Openness in Research (Stanford University, Research Policy Handbook 2.6)
- Making resources Open Sources
ensures that the researchers
do not run into any institutional difficulties
in distributing work or in continuing work at another institution
(academic or otherwise). This is of most concern to those without
permanent academic jobs.
-
CL needs serious resources, which cannot be
built and maintained
by a single university group (or even industry group, unless
the group is of reasonable size and persists over many years).
Making resources Open Source is the only practical way of achieving
flexible multi-group collaboration, especially if groups are
on different continents.
-
CL needs standards and historically
the successful ones have been created bottom-up.
Once a system is available and becomes reasonably widely used,
other systems may well be built which use the same interfaces etc.
At this point there is a de facto standard.
-
Seeing one's work used by other groups is very rewarding. Students
and other researchers are generally enthusiastic about contributing
to work that is going to be used outside a small group. While this
can be achieved without making the sofware Open Source, the question
of individual rights can be very complex if the work is not open.
- Academics are evaluated by the impact that their work has.
Open Source work generally has more impact.
- Licensing attempts are extremely time-consuming.
Some of the possible downsides are as follows:
- Open Source systems cannot be licensed to companies for monetary
gain. However, I think that the number of times an opportunity to
make a worthwhile gain has been missed is massively outweighed by the
amount of time that has been wasted in chasing licensing deals. Very
few academic resources are ever licensed for worthwhile sums of money.
Nearly all require the active participation of the developers to be of
use. Given this, I think that it makes more sense to ask companies
for consultancy and/or research support for the developers than to
expect them to pay just to license technology.
- University personnel in research administration can become very
unhappy about Open Source. It is very important to know your
university's official policy and to be prepared to stand your ground.
Remember that, although administrators like to think of academics as
unworldly, the chances are that you know far more about commercial
prospects in your area of research than they do, simply because they
are not specialists. If you want to make a resource that you are
developing Open Source, specify this on any connected grant applications.
- Some researchers are worried that others may take advantage of their
work and compete for grants or get earlier publication of results.
This is a possibility, but in most cases, it will be too difficult for
other researchers to exploit work in this way without the active
participation of the developers. Note that Open Source does not mean
that the author loses copyright and obviously use of someone else's
research work requires acknowledgement in any event.

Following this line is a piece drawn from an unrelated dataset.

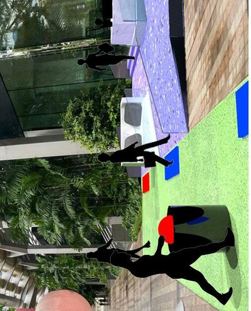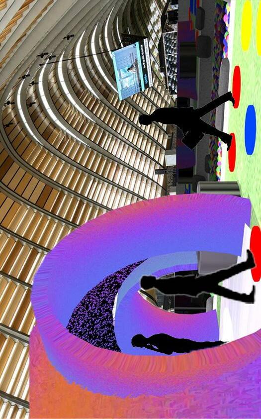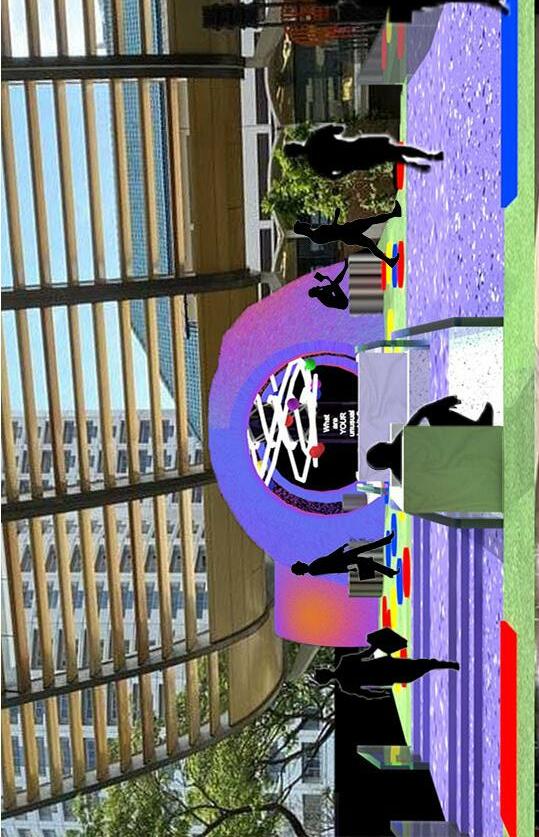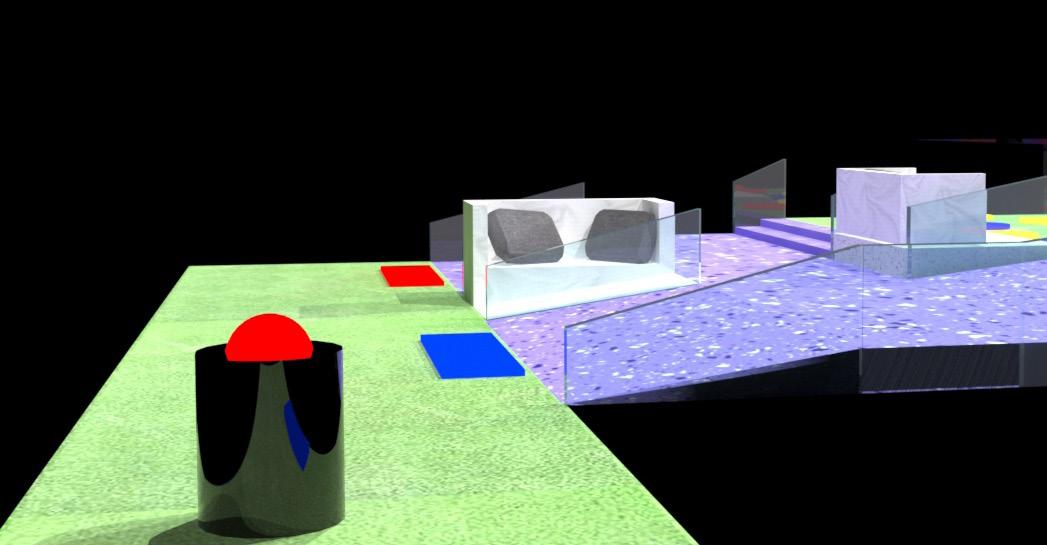 The colour circles on the ground are lighted panels consisting 3 primary colours: Red, Blue and Yellow. Acting as pavements for moving from one space to another attempting to engage users. Bringing us back to the basics of simplicity in colour.

- For Open Source to be of full benefit, researchers have to allow
others to make modifications to their code and accept that they will
sometimes screw up.
There are, however, some serious issues to think about in terms of
ongoing support. A system is only really useful if there is a
commitment to keep maintaining it, including supporting users who are
making use of aspects of the system that you are no longer interested
in yourself. Some users will have completely unrealistic expectations,
others may have reasonable expectations that you simply cannot meet
because of time pressure. Development of code and `lingware' does not
have the same status as writing papers. A piece of code used by 1000
people does not seem to carry the same number of brownie points as a
published paper cited by 10 people even though it may require many
times more effort to produce. One possible (though admittedly
partial) solution is to write decent documentation for the software
and an accessible explanation of the underlying theory and to publish
that as a book. (In this context, please see the CSLI CL series: we are very interested
in publishing books with associated software.) Another (partial)
solution is to link up with other people doing related work
and agree to jointly maintain the software.